### WHAT TO WORK ON
Down to the last line, transcribe the records verbatim and exclude the images.

══ DATASET ENTRIES

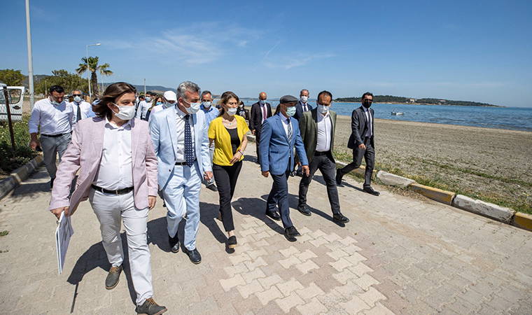 Başkan Soyer'in ikinci durağı Urla Kum Denizi plajı oldu. Başkan Soyer, İzmir Büyükşehir Belediyesi tarafından daha önceki yıllarda yaklaşık 1 kilometresi düzenlenen sahilde ikinci etap projesine başlayacaklarının müjdesini verdi. Soyer, 16 bin 800 metrekarelik sahil bandında yürüyüş ve bisiklet yolları oluşturacaklarını, kumsalı da ıslah ederek ekonomik ve günübirlik tatil yapmak isteyen yurttaşların ilgi odağı olan Urla Kum Denizi Plajı'nı su sporları ve çeşitlendirilmiş aktivitelerle dev bir rekreasyon alanına dönüştüreceklerini söyledi. Atatürk Mahallesi Muhtarı Rahime Tekin'in çok eski ve bakımsız olan muhtarlık binasının yenilenmesi ile ilgili talebini de dinleyen Soyer, bürokratlara muhtarlık binasının yenilenmesi talimatını verdi.
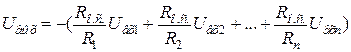 При равенстве входных сопротивлений R 1= R 2= R Uвых=-
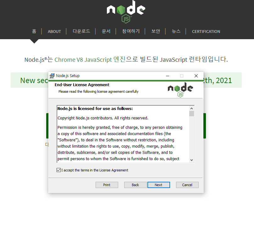 다운로드한 파일을 실행해 node js 설치를 진행합니다.
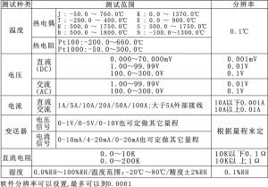 電壓、交流電流、交流功率、功率因素、頻率、電能、溫度、熱電阻(PT100、PT1000)、濕度、
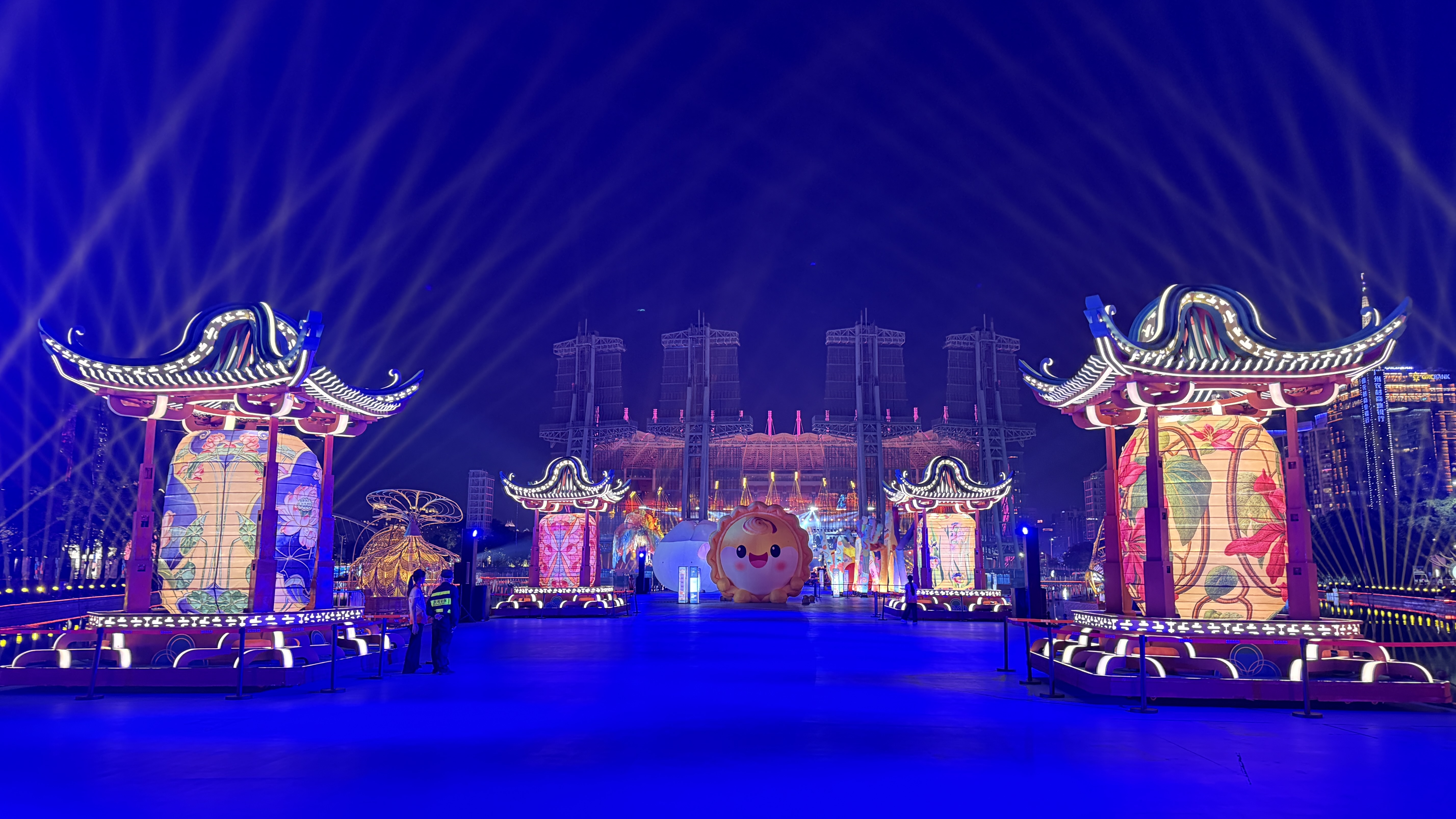 開幕式上與詠春表演相互輝映的懸浮芭蕉葉,此次也以燈光藝術裝置《蕉雨水色》的形式,落戶於燈光節星光大道展區。嬌艷欲滴的顏色,與璀璨的雙塔夜景、粼粼江波和城市背景音樂相融,為廣州的夜色添上一筆優雅而靜謐的嶺南詩意。而開幕式上承載嶺南建築美學精髓的亭台裝置,也以《月秀亭閣》之名在燈光節中 「駐留」,成為別具特色 的「常駐嘉賓」。幾大裝置延續了開幕式的嶺南文化脈絡,讓燈光節成為沉浸式感受羊城人文與美學的絕佳載體。

════

### COMPLETED EXERCISE
 Başkan Soyer'in ikinci durağı Urla Kum Denizi plajı oldu. Başkan Soyer, İzmir Büyükşehir Belediyesi tarafından daha önceki yıllarda yaklaşık 1 kilometresi düzenlenen sahilde ikinci etap projesine başlayacaklarının müjdesini verdi. Soyer, 16 bin 800 metrekarelik sahil bandında yürüyüş ve bisiklet yolları oluşturacaklarını, kumsalı da ıslah ederek ekonomik ve günübirlik tatil yapmak isteyen yurttaşların ilgi odağı olan Urla Kum Denizi Plajı'nı su sporları ve çeşitlendirilmiş aktivitelerle dev bir rekreasyon alanına dönüştüreceklerini söyledi. Atatürk Mahallesi Muhtarı Rahime Tekin'in çok eski ve bakımsız olan muhtarlık binasının yenilenmesi ile ilgili talebini de dinleyen Soyer, bürokratlara muhtarlık binasının yenilenmesi talimatını verdi.
 При равенстве входных сопротивлений R 1= R 2= R Uвых=-
 다운로드한 파일을 실행해 node js 설치를 진행합니다.
 電壓、交流電流、交流功率、功率因素、頻率、電能、溫度、熱電阻(PT100、PT1000)、濕度、
 開幕式上與詠春表演相互輝映的懸浮芭蕉葉,此次也以燈光藝術裝置《蕉雨水色》的形式,落戶於燈光節星光大道展區。嬌艷欲滴的顏色,與璀璨的雙塔夜景、粼粼江波和城市背景音樂相融,為廣州的夜色添上一筆優雅而靜謐的嶺南詩意。而開幕式上承載嶺南建築美學精髓的亭台裝置,也以《月秀亭閣》之名在燈光節中 「駐留」,成為別具特色 的「常駐嘉賓」。幾大裝置延續了開幕式的嶺南文化脈絡,讓燈光節成為沉浸式感受羊城人文與美學的絕佳載體。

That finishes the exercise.